### RECORDS FOR THIS EXERCISE
--*--

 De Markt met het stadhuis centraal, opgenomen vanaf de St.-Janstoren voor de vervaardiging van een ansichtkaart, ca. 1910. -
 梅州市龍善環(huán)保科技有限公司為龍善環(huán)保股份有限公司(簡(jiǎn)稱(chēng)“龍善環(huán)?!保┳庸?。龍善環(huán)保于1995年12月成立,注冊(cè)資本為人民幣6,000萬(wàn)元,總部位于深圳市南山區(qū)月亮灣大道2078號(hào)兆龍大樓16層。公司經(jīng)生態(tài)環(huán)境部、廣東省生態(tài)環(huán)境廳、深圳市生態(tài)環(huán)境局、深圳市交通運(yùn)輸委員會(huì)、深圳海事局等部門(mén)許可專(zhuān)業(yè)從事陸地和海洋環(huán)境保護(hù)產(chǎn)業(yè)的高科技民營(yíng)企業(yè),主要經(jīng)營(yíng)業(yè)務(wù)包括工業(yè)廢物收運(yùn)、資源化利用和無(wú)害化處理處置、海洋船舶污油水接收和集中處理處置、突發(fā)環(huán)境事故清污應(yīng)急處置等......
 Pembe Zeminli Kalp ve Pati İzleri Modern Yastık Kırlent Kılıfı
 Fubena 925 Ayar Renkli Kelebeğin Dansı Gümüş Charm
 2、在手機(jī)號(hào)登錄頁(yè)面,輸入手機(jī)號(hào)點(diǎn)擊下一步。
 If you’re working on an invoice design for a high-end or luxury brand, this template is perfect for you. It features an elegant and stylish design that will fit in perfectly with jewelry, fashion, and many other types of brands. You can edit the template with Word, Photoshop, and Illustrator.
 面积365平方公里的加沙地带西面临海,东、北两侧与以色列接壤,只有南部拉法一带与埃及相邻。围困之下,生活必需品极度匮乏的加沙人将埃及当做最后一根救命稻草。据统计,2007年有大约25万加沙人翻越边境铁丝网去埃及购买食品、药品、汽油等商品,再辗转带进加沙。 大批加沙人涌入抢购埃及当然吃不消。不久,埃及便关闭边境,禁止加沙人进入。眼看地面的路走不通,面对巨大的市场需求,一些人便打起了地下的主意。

--*--

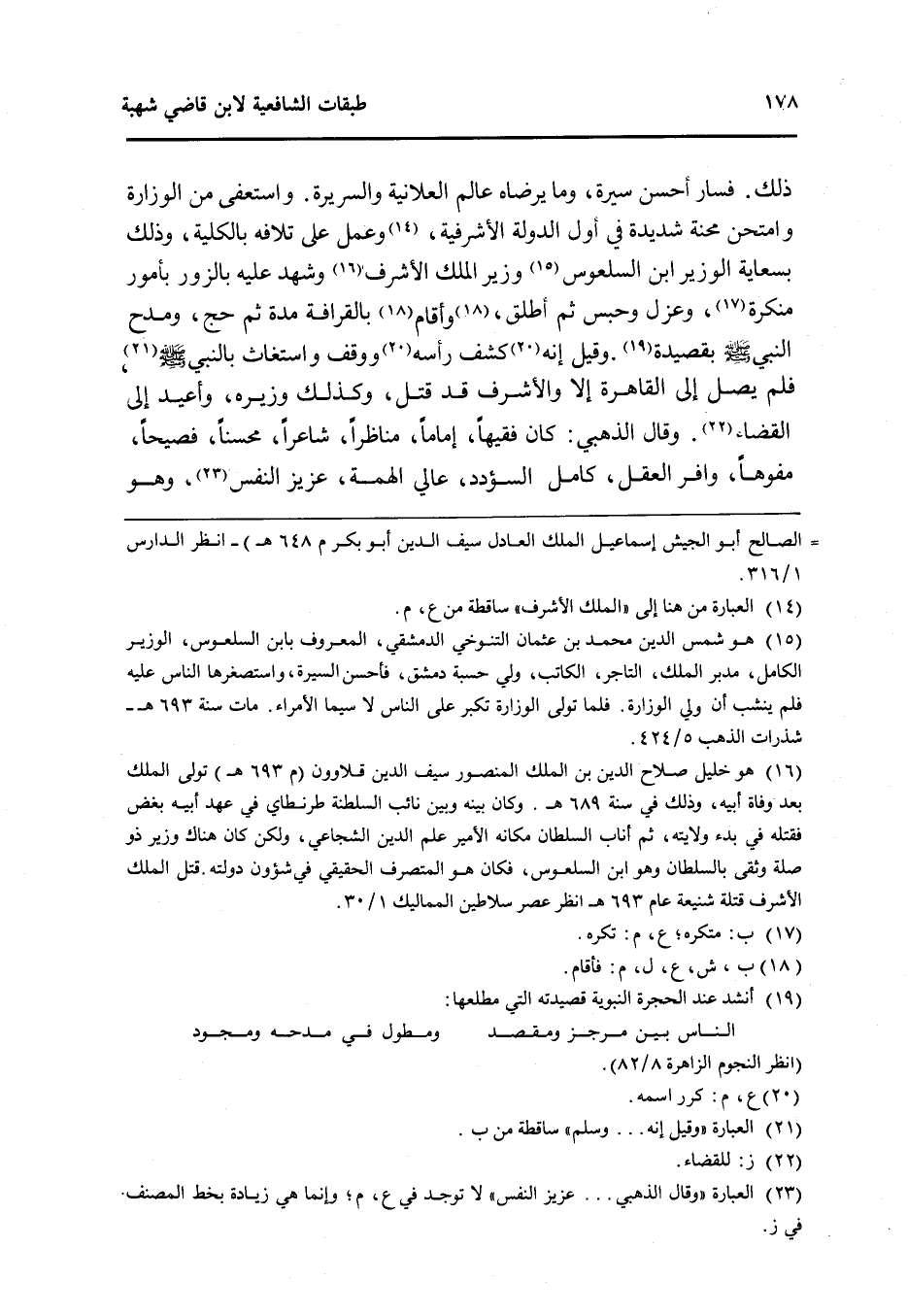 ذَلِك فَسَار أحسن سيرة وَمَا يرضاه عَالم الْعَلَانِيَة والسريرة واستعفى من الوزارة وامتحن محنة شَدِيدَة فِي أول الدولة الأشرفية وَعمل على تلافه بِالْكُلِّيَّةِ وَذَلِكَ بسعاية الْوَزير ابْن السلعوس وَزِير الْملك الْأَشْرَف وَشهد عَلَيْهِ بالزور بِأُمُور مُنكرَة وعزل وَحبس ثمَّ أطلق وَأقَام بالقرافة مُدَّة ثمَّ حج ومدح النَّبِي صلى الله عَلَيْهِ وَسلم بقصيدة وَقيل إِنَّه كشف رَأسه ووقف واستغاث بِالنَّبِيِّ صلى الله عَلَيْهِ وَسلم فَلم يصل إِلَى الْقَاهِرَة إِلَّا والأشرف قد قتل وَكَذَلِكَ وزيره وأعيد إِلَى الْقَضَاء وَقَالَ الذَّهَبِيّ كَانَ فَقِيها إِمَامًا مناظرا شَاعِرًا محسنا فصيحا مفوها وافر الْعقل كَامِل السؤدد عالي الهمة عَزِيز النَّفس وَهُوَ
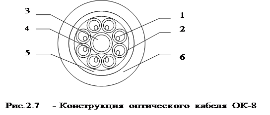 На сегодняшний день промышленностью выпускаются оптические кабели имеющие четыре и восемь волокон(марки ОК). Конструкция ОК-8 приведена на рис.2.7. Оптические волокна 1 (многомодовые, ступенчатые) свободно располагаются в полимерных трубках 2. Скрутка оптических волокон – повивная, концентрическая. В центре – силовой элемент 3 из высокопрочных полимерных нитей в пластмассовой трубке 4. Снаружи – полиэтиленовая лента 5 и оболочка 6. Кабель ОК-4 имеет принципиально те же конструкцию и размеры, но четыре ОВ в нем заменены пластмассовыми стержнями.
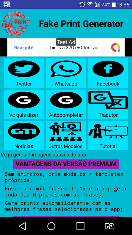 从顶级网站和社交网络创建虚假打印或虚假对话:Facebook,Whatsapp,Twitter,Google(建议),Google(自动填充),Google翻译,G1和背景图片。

--*--

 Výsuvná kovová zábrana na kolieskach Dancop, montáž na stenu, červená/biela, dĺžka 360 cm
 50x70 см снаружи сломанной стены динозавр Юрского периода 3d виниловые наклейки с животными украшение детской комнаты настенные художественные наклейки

--*--

### TASK TO COMPLETE
Look above for the line holding "De Markt met" and the line holding "Pembe Zeminli Kalp", then output exactly those two lines and every line between them, nothing more.

### WRITTEN REPLY
 De Markt met het stadhuis centraal, opgenomen vanaf de St.-Janstoren voor de vervaardiging van een ansichtkaart, ca. 1910. -
 梅州市龍善環(huán)保科技有限公司為龍善環(huán)保股份有限公司(簡(jiǎn)稱(chēng)“龍善環(huán)?!保┳庸?。龍善環(huán)保于1995年12月成立,注冊(cè)資本為人民幣6,000萬(wàn)元,總部位于深圳市南山區(qū)月亮灣大道2078號(hào)兆龍大樓16層。公司經(jīng)生態(tài)環(huán)境部、廣東省生態(tài)環(huán)境廳、深圳市生態(tài)環(huán)境局、深圳市交通運(yùn)輸委員會(huì)、深圳海事局等部門(mén)許可專(zhuān)業(yè)從事陸地和海洋環(huán)境保護(hù)產(chǎn)業(yè)的高科技民營(yíng)企業(yè),主要經(jīng)營(yíng)業(yè)務(wù)包括工業(yè)廢物收運(yùn)、資源化利用和無(wú)害化處理處置、海洋船舶污油水接收和集中處理處置、突發(fā)環(huán)境事故清污應(yīng)急處置等......
 Pembe Zeminli Kalp ve Pati İzleri Modern Yastık Kırlent Kılıfı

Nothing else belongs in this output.